Appellant's Appendix at 28-25 (emphasis in original).

Michael died on January 11, 2000, less than two months after the dissolution decree was entered, without changing his beneficiary designations on either the retirement account or the Fortis annuities. As the designated beneficiary, Teresa claimed the proceeds of the retirement account and Fortis annuities. However, the Estate filed a complaint for breach of contract, specific performance, and declaratory judgment alleging that Teresa had violated the terms of the property settlement agreement by claiming the proceeds of the retirement account and Fortis annuities.2 Both Teresa and the Estate filed motions for summary judgment. The trial court granted the Estate's motion for summary judgment and ordered that the re[738]*738tirement account and the Fortis annuities be distributed to and owned by the Estate.3 Specifically, the trial court found that "[plursuant to the specific terms of the Rishel Decree of Dissolution and Property Settlement Agreement, [Teresa] gave up her right to any claim" to the retirement account and Fortis annuities. Id. at 16-17. The trial court also found that "[blased upon the designated evidence, and after considering the contentions, arguments, and authority of the respective parties, the [trial court] FINDS and ORDERS that the [Estate's] claim for attorney fees and expenses should and shall be denied." Id. at 18. Teresa then filed a motion to correct error, which the trial court denied.

I.

We first address the issue raised by Teresa. Where a motion to correct error is grounded upon a claim that the trial court erred by granting summary judgment, we review on appeal the grant of summary judgment. Here, we review whether the trial court erred in granting summary judgment by determining that Teresa waived her right, as Michael's designated beneficiary, to the proceeds of his retirement account and Fortis annuities by having agreed to a property settlement agreement that was made a part of their decree of dissolution.

On appeal, the standard of review of a grant or denial of a motion for summary judgment is the same as that used in the trial court: summary judgment is appropriate only where the designated evidence shows that there is no genuine issue of material fact and the moving party is entitled to a judgment as a matter of law. Corr v. Am. Family Ins., 767 N.E.2d 535, 537-5388 (Ind.2002). The moving party must designate sufficient evidence to eliminate any genuine factual issues, and once the moving party has done so, the burden shifts to the nonmoving party to come forth with contrary evidence. Shambaugh & Son, Inc. v. Carlisle, 768 N.E.2d 459, 460-461 (Ind.2002). The court must accept as true those facts alleged by the nonmoving party, construe the evidence in favor of the nonmoving party, and resolve all doubts against the moving party. Id. The fact that the parties made cross-motions for summary judgment does not alter our standard of review. Hartford Acc. & Indem. Co. v. Dana Corp., 690 N.E.2d 285, 291 (Ind.Ct.App.1997), trans. denied.
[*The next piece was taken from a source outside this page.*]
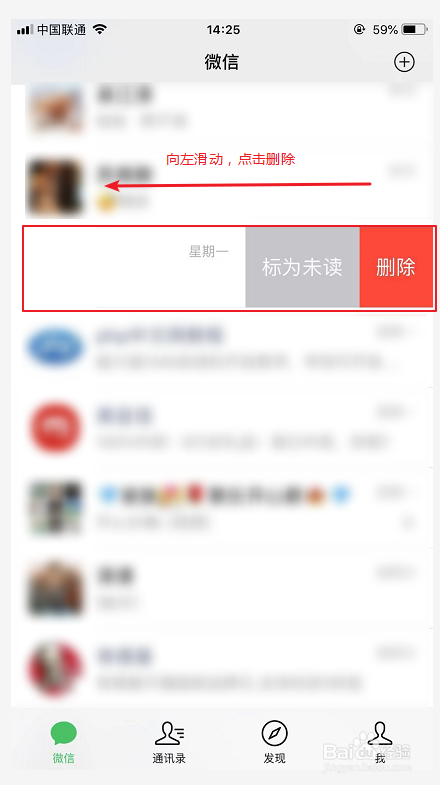 在微信聊天列表中,对着老友动静框标的目的右左滑动而且点击删除(删除老友全数动静)

Instead, we must consider each motion separately to determine whether the moving party is entitled to judgment as a matter of law. Id.
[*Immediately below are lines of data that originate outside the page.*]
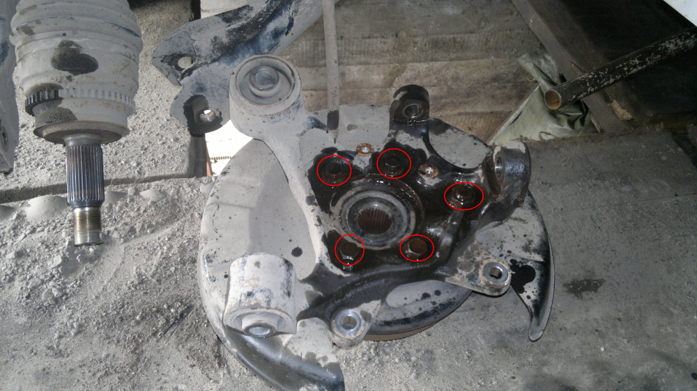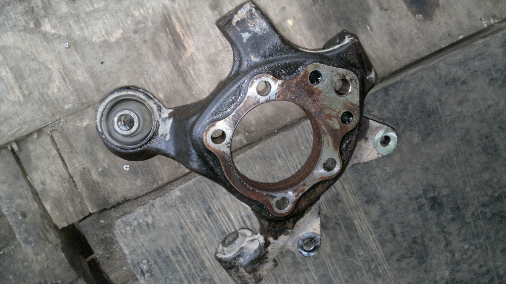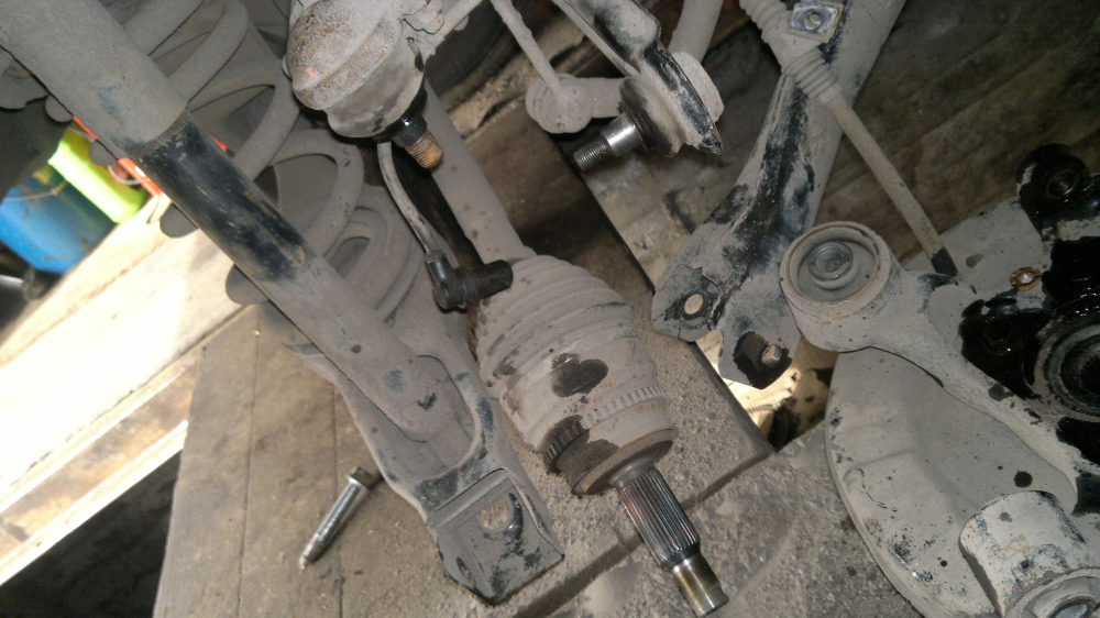 Датчик ABS тоже только после смачивания удалось вытащить.Долго освобождались пальцы шаровых,пришлось действовать старым дедовским способом-молотком,ибо каким-либо съёмником подлезти было куда геморнее. Также гемор с отсоединением кулака с искомым сайлентом от ступицы-все прикипело,а посадка оченно плотная и глЫбокая
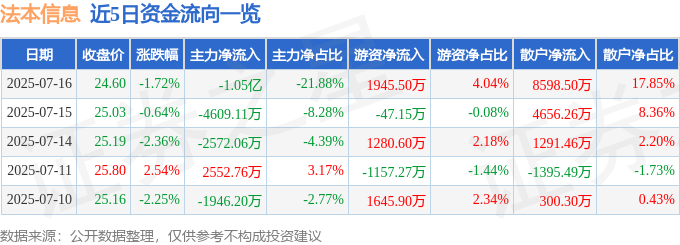 截至2025年7月16日收盘,法本信息(300925)报收于24.6元,下跌1.72%,换手率5.89%,成交量19.46万手,成交额4.82亿元。
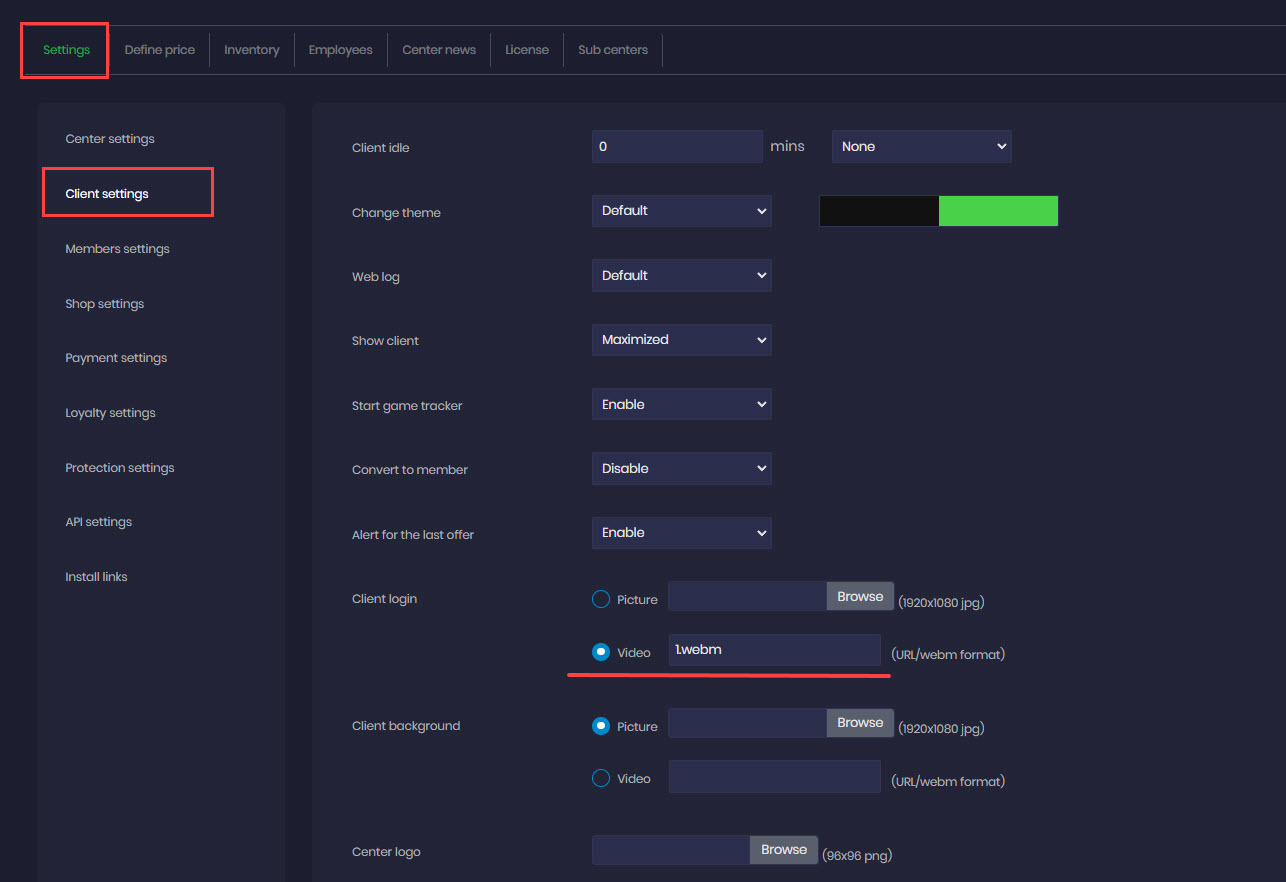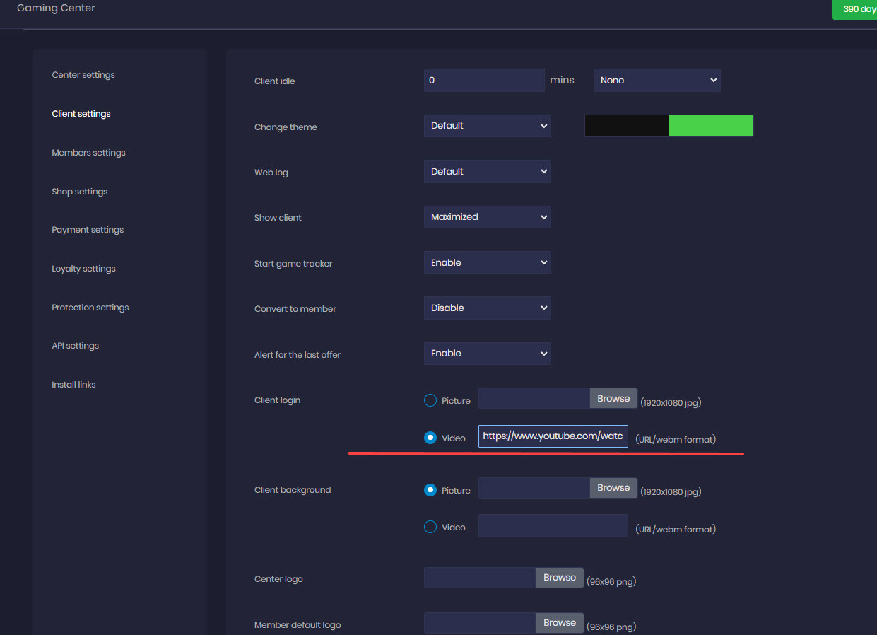 - The first option is to use YouTube links directly. In the cloud panel, navigate to Settings, then select Client Settings and Client Login. Choose the video option and enter the URL of the desired YouTube video. Scroll down and save the changes. (Figure 1).

Where a trial court enters findings of fact and conclusions thereon in granting a motion for summary judgment, as the trial court did in this case, the entry of specific findings and conclusions does not alter the nature of our review. Rice v. Strunk, 670 N.E.2d 1280, 1283 (Ind.1996). In the summary judgment context, we are not bound by the trial court's specific findings of fact and conclusions thereon. Id. They merely aid our review by providing us with a statement of reasons for the trial court's actions. Id.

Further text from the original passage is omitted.